ASSIGNMENT -
An exact copy of every record below is required, with the pictures left out.

MATERIAL PROVIDED -

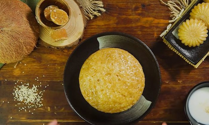 The cake boasts a golden hue when steamed to perfection, captivating every gaze. Furthermore, you can enhance its flavor by drizzling coconut milk and sprinkling some toasted sesame seeds, doubling the delicious taste of this cake.
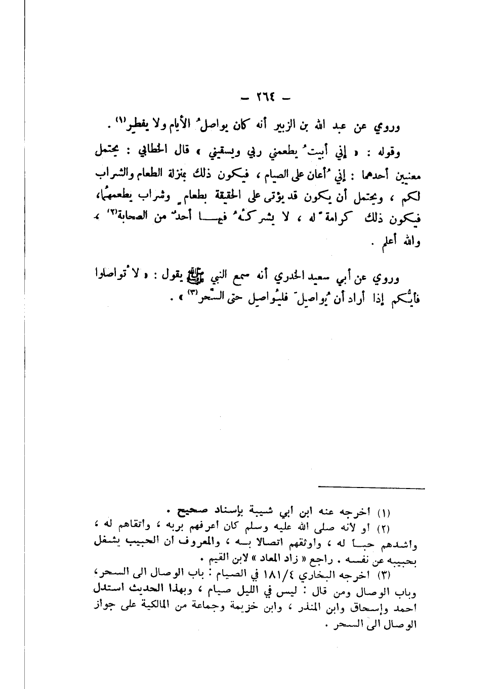 وَرُوِيَ عَنْ أَبِي سَعِيدٍ الْخُدْرِيِّ، أَنَّهُ سَمِعَ النَّبِيَّ صَلَّى اللهُ عَلَيْهِ وَسَلَّمَ، يَقُولُ: «لَا تُوَاصِلُوا، فَأَيُّكُمْ إِذَا أَرَادَ أَنْ يُوَاصِلَ فَلْيُوَاصِلْ حَتَّى السَّحَرِ».
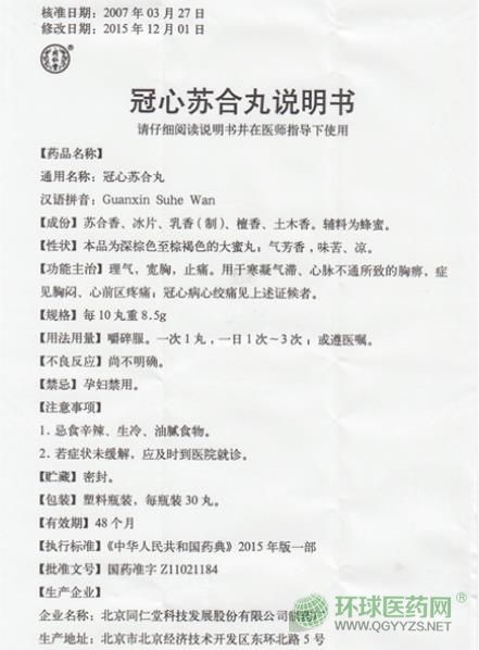 北京同仁堂冠心蘇合丸說明書圖片版
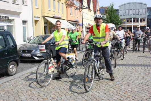 Bei 32 Grad ließen es sich mehr als 60 Teilnehmerinnen und Teilnehmer nicht nehmen für den Klimaschutz zu radeln. Am 01. Juni fand in Lübben die STADTRADELN-Auftaktveranstaltung statt. Mit dabei waren Landrat Stephan Loge und Bürgermeister Lars Kolan. „Im letzten Jahr war es für uns eine Premiere. Die Teilnehmer haben für den Landkreis 12.758 km erradelt und damit 1.811 kg CO2 eingespart. Dieses Ergebnis gilt es dieses Mal deutlich zu überschreiten“, begrüßte Landrat Stephan Loge die Teilnehmer auf dem Lübbener Marktplatz.
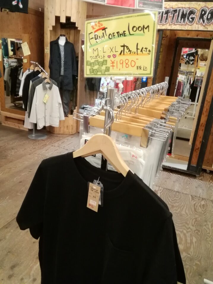 メンズコーナーより FRUIT OF THE LOOMの胸ポケットTシャツ ブラック ホワイト カーキ 三色入荷しました‼️ 今回もサイズは3パターン M、L、XLご用意しており…
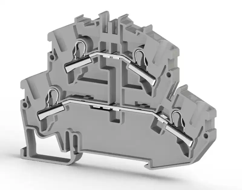 Клеммник 2-х ярусный пружинный быстрозажимной (Push in), 4 мм.кв. (серый); PYK4-2F 307579
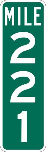 | Keywords: Mile Marker 221.svg PD MUTCD Rfc1394 457 1676 18 60 triple digit mile marker D10-3 Made using Viridian SVG Batcher this file was fabricated by a program 2009-03-05 Paul Robinson Rfc1394 Own work all rights released Public domain D10-3 - Distance Signs-3 Digit 221 number |
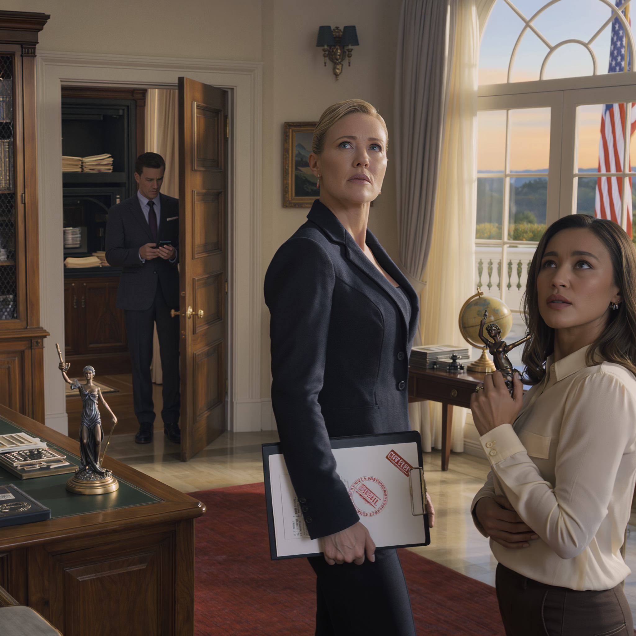During dessert, I asked to use the powder room. The housekeeper showed me the way, but I “accidentally” turned down the wrong hall and found myself by a set of doors. One was ajar, and I heard agitated voices inside.
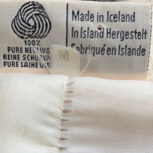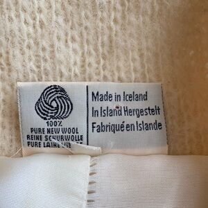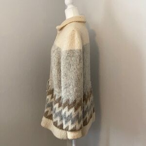 Size medium Samband of Iceland wool jacket. Cream, gray & brown. Drawstring to cinch in the waistline. Nordic style. Pockets. Cozy & warm!

RESPONSE AREA -
 The cake boasts a golden hue when steamed to perfection, captivating every gaze. Furthermore, you can enhance its flavor by drizzling coconut milk and sprinkling some toasted sesame seeds, doubling the delicious taste of this cake.
 وَرُوِيَ عَنْ أَبِي سَعِيدٍ الْخُدْرِيِّ، أَنَّهُ سَمِعَ النَّبِيَّ صَلَّى اللهُ عَلَيْهِ وَسَلَّمَ، يَقُولُ: «لَا تُوَاصِلُوا، فَأَيُّكُمْ إِذَا أَرَادَ أَنْ يُوَاصِلَ فَلْيُوَاصِلْ حَتَّى السَّحَرِ».
 北京同仁堂冠心蘇合丸說明書圖片版
 Bei 32 Grad ließen es sich mehr als 60 Teilnehmerinnen und Teilnehmer nicht nehmen für den Klimaschutz zu radeln. Am 01. Juni fand in Lübben die STADTRADELN-Auftaktveranstaltung statt. Mit dabei waren Landrat Stephan Loge und Bürgermeister Lars Kolan. „Im letzten Jahr war es für uns eine Premiere. Die Teilnehmer haben für den Landkreis 12.758 km erradelt und damit 1.811 kg CO2 eingespart. Dieses Ergebnis gilt es dieses Mal deutlich zu überschreiten“, begrüßte Landrat Stephan Loge die Teilnehmer auf dem Lübbener Marktplatz.
 メンズコーナーより FRUIT OF THE LOOMの胸ポケットTシャツ ブラック ホワイト カーキ 三色入荷しました‼️ 今回もサイズは3パターン M、L、XLご用意しており…
 Клеммник 2-х ярусный пружинный быстрозажимной (Push in), 4 мм.кв. (серый); PYK4-2F 307579
 | Keywords: Mile Marker 221.svg PD MUTCD Rfc1394 457 1676 18 60 triple digit mile marker D10-3 Made using Viridian SVG Batcher this file was fabricated by a program 2009-03-05 Paul Robinson Rfc1394 Own work all rights released Public domain D10-3 - Distance Signs-3 Digit 221 number |
During dessert, I asked to use the powder room. The housekeeper showed me the way, but I “accidentally” turned down the wrong hall and found myself by a set of doors. One was ajar, and I heard agitated voices inside.
 Size medium Samband of Iceland wool jacket. Cream, gray & brown. Drawstring to cinch in the waistline. Nordic style. Pockets. Cozy & warm!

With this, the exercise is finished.